An expert reference group consisting of primary and secondary care clinicians, memory service managers and commissioners convened by the London Dementia Clinical Network developed a ‘best practice’ clinical data-set for a pilot audit in 2015. This was refined for audit rounds one and two in 2016Reference Cook, Nichol and Isaacs2 and 2019 respectively. The group reviewed existing standards and guidance, for example the Memory Service National Accreditation Programme (MSNAP) standards and National Institute for Health and Care Excellence (NICE) guidelines. The data-set covered the following areas: patient demographics, referral, assessment, investigation, diagnosis, treatment, follow-up and research participation.

For the 2019 audit, NHS England/NHS Improvement regional dementia clinical networks were invited to lead the process in their geographical areas. Regional networks then contacted memory services in their region to promote participation.

Participating memory services were asked to complete an anonymised case-note audit of 50 consecutive patients who underwent initial assessment from 1 January 2019. The audit tool recorded demographic information (age, gender and ethnicity) but not patient-identifiable data such as name, address, or hospital or NHS number. The guidance notes for the audit defined mild cognitive impairment (MCI) as ‘subjective experience of a decline from a previous level of cognitive functioning, accompanied by objective evidence of impairment that is not sufficiently severe to significantly interfere with independence in the person's performance of activities of daily living’. Service providers submitted anonymised data to their regional network between May and September 2019.

Regional networks transferred data to the London Dementia Clinical Network for analysis of the national data-set using Microsoft Excel. Statistical comparisons were performed using chi-squared tests.


Five NHS England/NHS Improvement regions participated in the audit: North East and Yorkshire; East of England; Midlands; London; and South East. Eighty-five memory services participated in the audit, contributing data on 3978 patients in total (mean age 79 years (range 30–102), 57% female). In 19 cases the patient's age was not provided.


Younger patients were much less likely to be diagnosed with dementia and more likely to receive a functional or psychiatric diagnosis or no diagnosis. Breakdown by broad diagnostic category is given in Table 1.

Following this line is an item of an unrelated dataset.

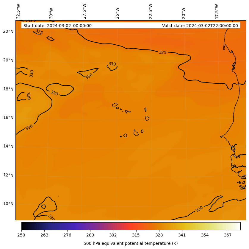 - Equivalent Potential Temperature (K)

Table 1 Breakdown of main diagnostic categories by age cohort (<55, <65, ≥65 years)a

a. Column totals exclude patients for whom the diagnosis field was left blank. P-values refer to comparison between between patients aged <65 and ≥65.

Use of investigations

In the entire cohort, 439 patients (11%) underwent diagnostic neuropsychological assessment. Of these, where a diagnosis was given, 181 (46%) were diagnosed with dementia and 84 (21%) were diagnosed with MCI. In 86 cases (26%) it was reported that no diagnosis was given. Overall, younger patients were more likely to undergo diagnostic neuropsychological assessment than older patients (Table 2).

Table 2 Neuropsychology and neuroimaging in patients aged <65 compared with patients aged ≥65 yearsa

MCI, mild cognitive impairment; MRI, magnetic resonance imaging; CT, computed tomography.

a. P-values refer to comparison between patients aged <65 and ≥65.

Among those diagnosed with dementia, more than three times as many with young-onset dementia (YOD) (defined here as age <65 years at initial assessment) received a diagnostic neuropsychology assessment compared with those with late-onset dementia (LOD) (age ≥65 at initial assessment) (Table 2). In both younger and older cohorts, patients with non-dementia diagnoses were most likely to undergo neuropsychological evaluation, followed by those diagnosed with MCI. Patients diagnosed with dementia were least likely to undergo neuropsychological evaluation (Table 2).

The proportion of younger and older patients undergoing brain imaging as part of or prior to memory service assessment was similar (Table 2). However, younger patients were more likely to be referred for a magnetic resonance imaging (MRI) scan (as opposed to a computed tomography (CT) scan), particularly among those diagnosed with dementia. A majority of patients receiving non-dementia or MCI diagnoses underwent brain imaging, including 76% of those aged <65 (Table 2). Scanning rates by diagnosis among patients aged <65 are shown in Fig. 1. Patients with functional cognitive disorder and primary psychiatric diagnoses had the lowest scanning rates.

Fig. 1 Percentage of patients aged <65 years undergoing brain imaging, by diagnostic group.

Specialist investigations

Three patients who received a diagnosis of YOD (6%) had a specialist investigation; two had positron emission tomography (PET) scans and one a dopamine transporter (DAT) scan. One younger patient diagnosed with MCI (3%) had a specialist investigation (a PET scan). Four younger patients who were not diagnosed with dementia or MCI (3%) had a specialist investigation: 2 had DAT scans and 2 had PET scans.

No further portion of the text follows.